The Importance of Reducing Economic Clutter

by Dan Mitchell | Sep 21, 2025

Earlier this month, I shared some research about the economic cost of ambiguous laws, which I called clutter.

Today’s column will do something similar, except the term used will be “anti-competitive market distortions.”

Here’s a visual from a new report by the Growth Commission.

The authors (13 economists from all over the world) explain that bad government policies create distortions that make hinder growth and dynamism.

The report measures the impact of these distortions and also ranks the world’s 20 most-cluttered and least-cluttered economies.

Here are the most laissez-faire nations. The chart is confusing because countries are listed based on their 2010 scores. But if you look at the 2019 scores in Appendix B, the top-3 nations are Singapore, New Zealand, and Denmark (some of you may be surprised by Denmark, but this confirms my assertions that Nordic countries are very pro-market when looking at variables other than fiscal policy).

Based on Appendix B, the United States is #7, which is an improvement compared to 2010. Though, as the authors note, the U.S. score is “essentially unchanged” while other countries dropped.

By the way, I’m not surprised to Canada dropping the most. Another grim legacy of Justin Trudeau.

Now let’s look at the worst nations (at least among the ones that were ranked since hellholes such as CubaNorth Korea, and Venezuela otherwise would be the worst of the worst). In this case, the authors did rank nations based on 2019 scores, so no need for any mental gymnastics.

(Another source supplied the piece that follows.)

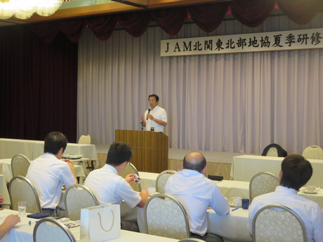 2016年度JAM北関東埼玉県連北部地区協議会夏季研修会。安部吉弘JAM北関東埼玉県連北部地区協議会会長のご案内をいただき、国政報告を申し上げさせていただきました。日頃から働く方々のためにご尽力をいただいていることに深く感謝申し上げます。私からは民進党の現在の政策、アベノミクスと経済、原発、政治とカネの問題を中心にお話をさせていただきました。

Chad wins the booby prize, followed by Madagascar and Bolivia.

Though Appendix B lists Chad, Zimbabwe, and Madagascar as the three worst, so the report could still use a bit of copy-editing.

I’ll close with four final observations.

  1. The report speculates that Trump’s protectionist policies may have a positive effect because they will encourage nations to get rid of their “anti-competitive market distortions.” I hope that is correct, but I’m very skeptical.
  2. Ukraine isn’t actually one of the 20-worst nations if you look at Appendix B, but it is still very bad, which is why I hope western nations eventually will demand radical pro-market reforms as a price of economic and military aid.
  3. Argentina was also one of the worst nations based on 2019 scores, ranking only a few spots above Ukraine. This underscores the huge economic barriers that Javier Milei needs to overcome to help his country prosper.
  4. The report lists 16 Findings, one of which is that nations should use “mutual recognition” for international economic relations to enhance regulatory competition. My only complaint is that this should have been the #1 finding.

P.S. I should do a new version of my Laissez-Faire Index. I’m guessing it will track closely with the results of this report.